Just a little more than a week ago Euronext Liffe presented the outcome of the selection process of liquidity providers. This website even presented a wonderful graph with all firms and their number of roles. Also brought the news of the end of some classes of weekly stock options.

Well, turns out not all this information has been correct. Euronext made a couple of mistakes, forgetting market makers in weekly options and messing up the ING/INO liquidity provider (regular and old ING options go combined, usually).

Here’s the official explanation by Euronext Liffe:

Due to reviewed calculations related to Member’s track record on which decisions have been based certain results have been updated.” (pdf)

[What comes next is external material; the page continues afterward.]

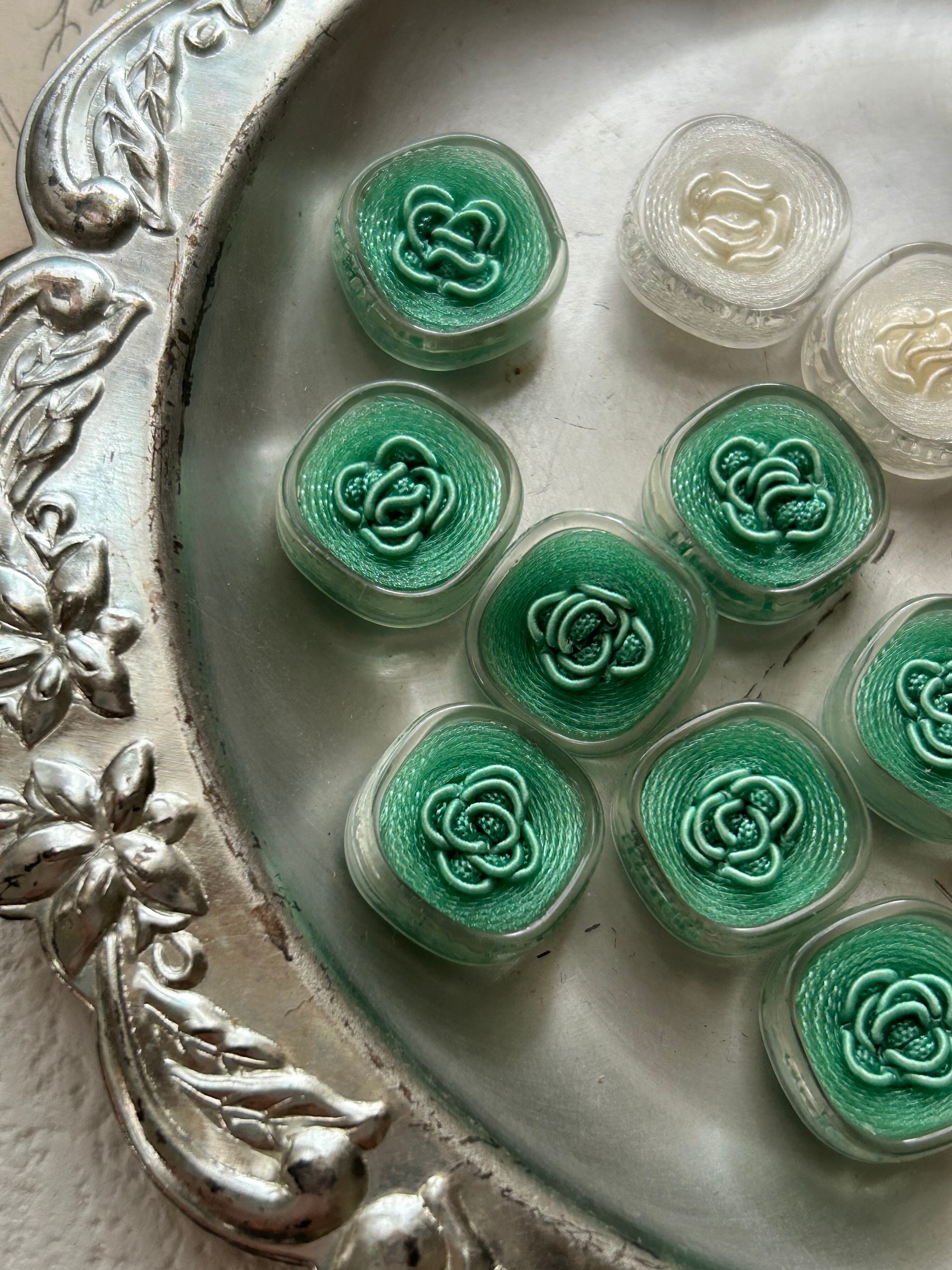 Japanese Vintage ボタン 16mm button コードボタン フラワー アクセサリーパーツ 装飾材 カルトナージュ

Sorry, that smells like bullshit. Calculations have nothing to do with it. The overstaffed exchange has forgotten all market makers in certain classes (weekly KPN and PHI). Don’t worry about mistakes (we’re used to it), but take it like man and admit it. Maybe regular press (FD) will buy it, but traders don’t believe in fairy tales.

Raising fees

Small market makers such as GDT and Klinkenberg (yes FD, that’s how to spell their name) are outrageous after Euronext announced to double the fees of non-quoting traders. They have a point. Small traders can’t always take on responsibility for quoting, but they do add liquidity in some cases. With the current tight spreads, their fees are unreasonable high.

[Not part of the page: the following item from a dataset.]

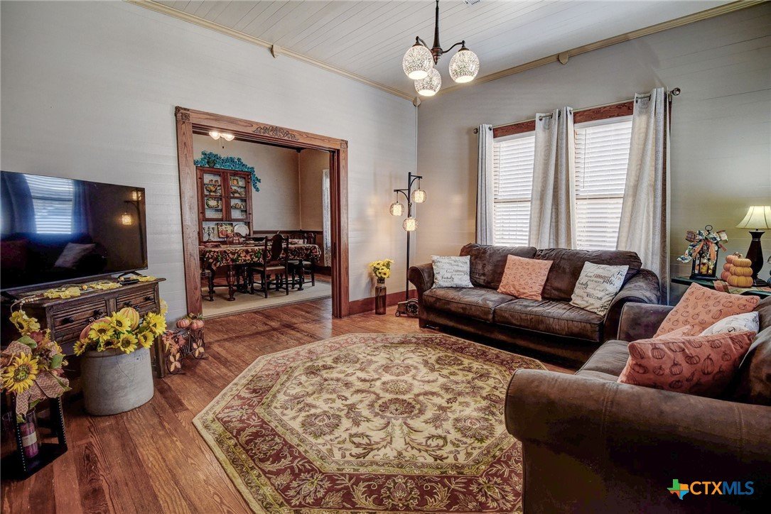 Savor the simple pleasures of small-town living from the front porch swing of this beautifully preserved craftsman home—where every sunrise feels like an invitation to slow down and stay awhile. Step inside to discover gleaming hardwood floors that flow through spacious, light-filled rooms, each radiating warmth, character, and timeless charm. Every corner of this 1,481 sq. ft. home has been thoughtfully designed to make you feel instantly at home. This property offers 2 bedrooms, plus a versatile bonus room perfect as a third bedroom, home office, playroom, or creative studio—along with 2 full bathrooms for modern convenience. The kitchen shines with its butcher block countertops, generous cabinetry, and a layout made for both everyday living and effortless entertaining. In the dining room, original pocket doors and a built-in buffet highlight the craftsmanship of a bygone era, blending classic design with cozy comfort. Step outside to your expansive, fenced backyard—a private haven ideal for gatherings, gardening, or simply unwinding under Texas skies. The spacious garage adds flexibility with room for parking, tools, and extra storage. This Shiner gem perfectly combines historic character with modern comfort, offering a lifestyle that’s both relaxed and refined. Don’t miss the chance to make this craftsman treasure your forever home!

The other problem is the capped maximum costs of professional block trades. These trades, arranged by brokers between firms, were capped at 50 euro. This has been raised to 200 euro. That’s having a serious impact and there seems to be no economic justification.

The new reality hasn’t dawned yet on Euronext. Market spreads have come down because of competition. With the new contender TOM around the corner, all transaction prices will come down. There will be no possibility of compensating this with raising costs somewhere else. NYSE Euronext is the result of a political delicate multinational merger – with stakeholders protecting jobs everywhere.  Next year we will see massive job cuts at Euronext. The alternative isn’t very attractive : folklore.